H comme hydraulique : l’un des points faibles de la politique d’équipements des années 1970 aura été l’exploitation des ressources hydriques et tout le monde se souvient des pénuries d’eau qui pouvaient durer des semaines dans la capitale. Ne parlons pas des villes et des villages de l’intérieur. Durant la dernière décennie, un effort sans pareil a été fourni pour rattraper ce retard et la production d’eau est aujourd’hui satisfaisante même s’il y a encore des lacunes. Mais on est bien loin de ces années où les robinets étaient à sec dix mois sur douze ! Citons pour s’en convaincre le nombre de barrages construits, les connexions de grande envergure entre les sites de production d’eau notamment autour des grandes zones urbaines, les imposants travaux en matière de traitement de l’eau pour son utilisation par les ménages ainsi que la récupération des eaux usées en vue de leur utilisation dans l’agriculture. Nous ne sommes pas de chauds partisans des usines de dessalement de l’eau de mer parce que le mètre-cube est trop cher et que cela ne se fait pas dans un pays qui a autant de ressources hydriques !
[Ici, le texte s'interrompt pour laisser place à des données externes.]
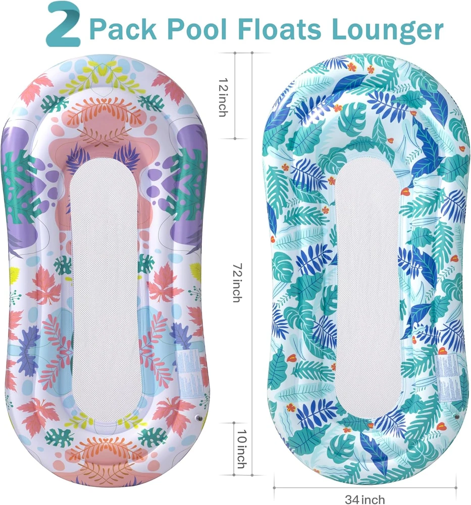Pool Floats Lounger, 2 Pack Inflatable Pool Floats Adult Size, Water Hammock Pool Rafts Floaties for Swimming Pool Tanning Floating Pool Party Toys for Summertime Beach Outdoor - Multicolor Unique Pool Floats: This ultra-comfortable pool lounger has a special cooling mesh center, which can support you in the water to keep you cooler; Perfect inflatable pool rafts and floats for outdoor swimming pool party, beach, lake, river and more Pool Floats with Headrest & Footrest: With supportive headrest and footrest, the pool rafts offer a lot of support and an abundance of comfort; The mesh bottom surface is comfortable and breathable, not stick to the skin; Enjoy a relaxation and cooling for hours in hot season Keep Cool & High Stability: Inflatable pool lounge allows you to relax semi-submerged, helps you stay cool by getting in close contact with water; Balance design water hammock floaties, with 2 air chambers outer tube and soft inner mesh; Easy to get on and off, stable and not easy to tip over in water 2 Pack Fantastic & Versatile Floats: Water hammock pool float, pool raft, sun tanning float all in one pool lounger; The inflatable pool float mat meets all your needs; With a maximum weight capacity of 265 lbs, the lengthened and widen pool lounges are suitable for adults; Ideal for party travel vacation or birthday gift for lover, family, friends Prime Quality & Compact Size: Our swimming pool floats are made of thick, premium vinyl and soft mesh fabric, superior support force and better quality give you a good summertime; Compact size after deflated, dry fast and easily carried; Take it on your summertime trip Product Description The video showcases the product in use. The video guides you through product setup. The video compares multiple products. The video shows the product being unpacked. 2 Pack Pool Floats Lounger for Summertime Merchant Video Made from lightweight and durable performance fabric, the inflatable pool lounger is built to withstand sun and mildew while also being soft on the skin. The perfect summery gift of pool floats for adult looking to make a splash in the swimming pool, lake, river, water park, ocean or beach Item model number STPF-006 Color Multicolor Product Dimensions 72"L x 34"W Material Vinyl Country of Origin China Weight Limit 265 Pounds Item Weight 1.96 pounds Age Range (Description) Adult Department unisex-adult Item Form Hammock-shaped Size Large 11.77 inches x 12.48 inches x 1.65 inches. Weight: 1.96 lb Shipping from the USA All of our products are shipped from the USA, ensuring quick delivery to your destination. Payment We offer the following payment methods: PayPal, credit card, bank transfer, and eBay's secure payment system. Free Shipping & Free Returns Shipping within the USA is FREE. Additionally, any return is absolutely free for you. Risk-Free Purchase You have the option to return an item within 30 days without any justification. We cover the return shipping costs! Fast Shipping We ship immediately upon receipt of payment. Generally, the package is delivered within 2-3 days in the USA. If it takes longer, we will contact you. Quality and Costs Made in Europe, USA, China No customs fees or additional charges Total satisfaction guarantee Invoice with declared VAT available upon request in .pdf format Feedback Your feedback is very important to us. After you pay for your purchase, you will automatically receive positive feedback from us.

I comme informatique : l’Algérie a été le premier pays à s’intéresser à l’informatique, science encore en balbutiement, en créant la première et plus grande école supérieure du monde arabe et d’Afrique (hors Afrique du Sud), dans les années 1970 ! C’était le fameux CERI qui a formé des cadres de haut niveau, dont certains font le bonheur des grandes et prestigieuses sociétés des États-Unis, Canada et France, entre autres. A l’heure de la fuite des cerveaux et du nivellement par le bas de l’enseignement supérieur, il est bon de citer ces exemples pour rafraîchir la mémoire de certains. Et n’oublions pas toutes les autres grandes écoles qui avaient un excellent niveau de formation et dont les diplômés sont, jusqu’à aujourd’hui, recherchés pour leur sérieux et leur compétence. En 1962, il y avait quelques Algériens ingénieurs, médecins et licenciés, combien sont-ils aujourd’hui ?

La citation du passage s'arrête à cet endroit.